LA ROCHEFOUCAULD DE ROYE, JEAN-BAPTISTE-LOUIS-FRÉDÉRIC DE, Marquis de ROUCY, Duc d’ANVILLE, naval officer; b. 17 Aug. 1709, son of Louis de La Rochefoucauld, Marquis de Roye, lieutenant-general of the galleys, and Marthe Ducasse; m. 28 Feb. 1732 Marie-Louise-Nicole de La Rochefoucauld, by whom he had a son and two daughters; d. 27 Sept. 1746 at Chebucto (Halifax, N.S.), and buried on George Island in the port of Halifax, then at Louisbourg, Île Royale (Cape Breton Island), and finally in France.
Jean-Baptiste-Louis-Frédéric de La Rochefoucauld de Roye was invested on 7 Dec. 1720 with the reversion of the office held by his father, but as his father did not die until 1751, he never actually held it. He was made Duc d’Anville by letters patent from the king on 15 Feb. 1732. In 1734 he was serving on board a galley, but because the corps of officers for service on the galleys was about to be abolished, d’Anville was transferred to the sailing-ship component of the Marine, retaining his rank. In January 1745 he was appointed lieutenant general of naval forces. He does not seem ever to have received proper naval training, and he was in no way qualified to lead the expedition which he commanded the following year.

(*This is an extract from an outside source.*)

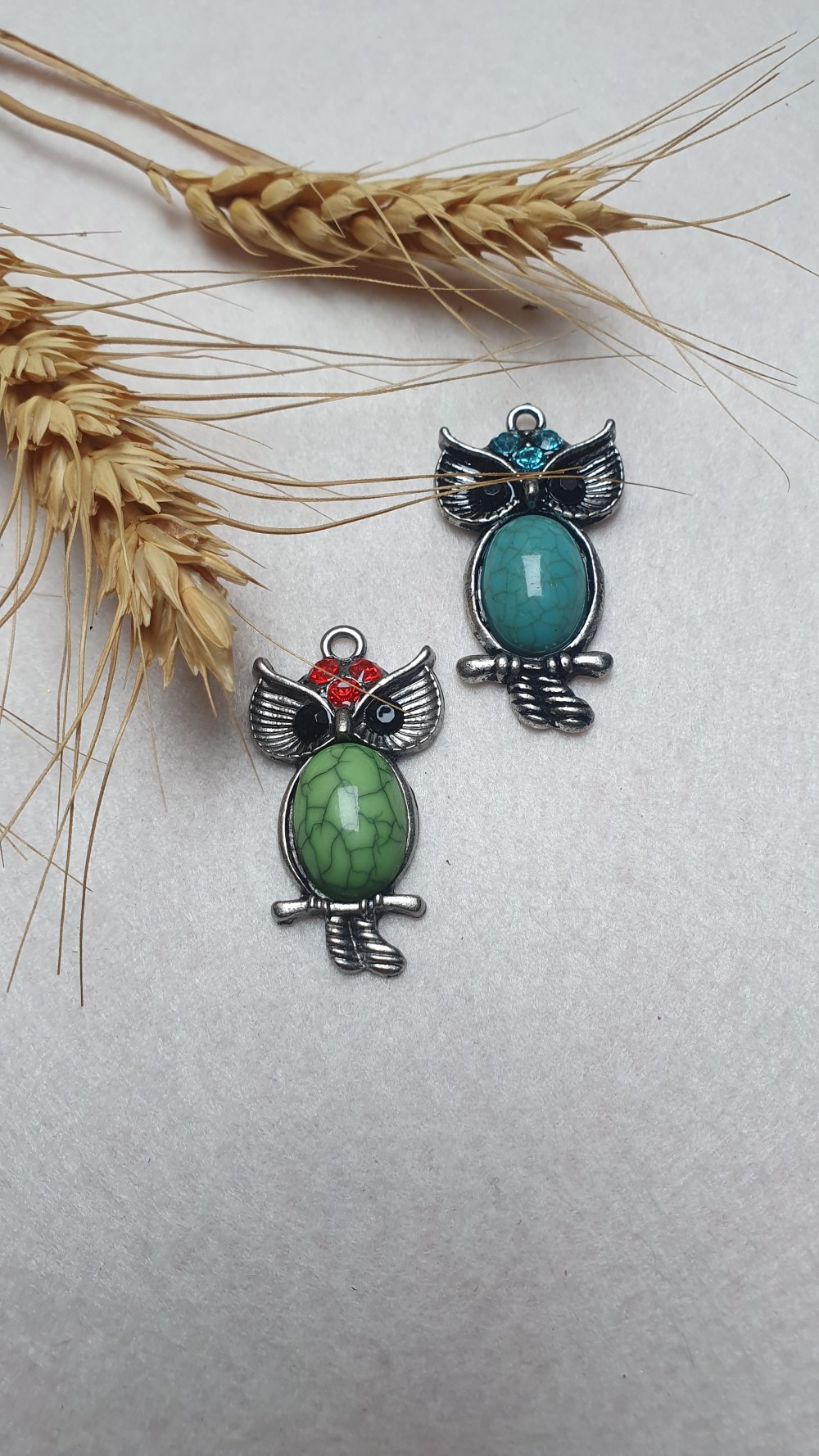 1 hibou chouette rose 33.5x20.5mm howlite argent tibétain.Divers pendentifs hiboux dans la boutique

After Louisbourg fell to William Pepperrell and Peter Warren in June 1745, the Duc d’Anville was given the mission of trying to retake the citadel, defend Canada against a possible English attack, and undertake operations as far as possible against the English settlements in Acadia and Newfoundland. To carry out this ambitious program, a squadron of 54 ships had been planned; d’Anville was supported by the rear-admirals La Jonquière [Taffanel] and Constantin-Louis d’Estourmel. The fitting-out of this fleet was slow and difficult, and it did not set sail until 22 June 1746. Wind-bound, the squadron did not sight the coasts of Acadia until 10 September. Three days later it was scattered by a violent gale that seriously damaged some ships, which were consequently forced to return to France. D’Estourmel entered Chebucto harbour on 27 September, only to learn that d’Anville had died at three o’clock that morning “of an attack of apoplexy, which had seized him on the morning of the 25th while walking on his forecastle deck.” D’Estourmel then took command, but on 30 September he wounded himself seriously while trying to commit suicide and handed his powers over to La Jonquière. The sorry state of the squadron, with its ships battered by the elements, and their crews reduced by an epidemic, led La Jonquière to give up any attack on Annapolis Royal, Nova Scotia. A return of losses as of 15 October listed 587 dead and 2,274 sick out of a total complement of 7,006 sailors and soldiers. Four transport ships left for Canada on 10 October, escorted by the Renommée under the command of Guy-François de Coëtnempren de Kersaint; the others set sail for France two weeks later.
The expedition was a complete failure, which can be explained by several factors, bad luck being not the least important. The failure emphasized forcefully the weakness of the French navy and also the difficulties of assisting the French colonies in North America. These were the logical consequences of the neglect of the French navy since the death of Louis XlV: the ships were insufficient in number, and, since they had done little sailing for years, the officers as well as the crews were inadequately trained.
AN, Marine, B2, 328; B4, 59; C1, 161. La Chesnaye-Desbois et Badier, Dictionnaire de la noblesse (3e éd.), VII, 336. Lacour-Gayet, La marine militaire sous Louis XV (1910), 177, 194–96, 200–2. Troude, Batailles navales de la France, I, 309.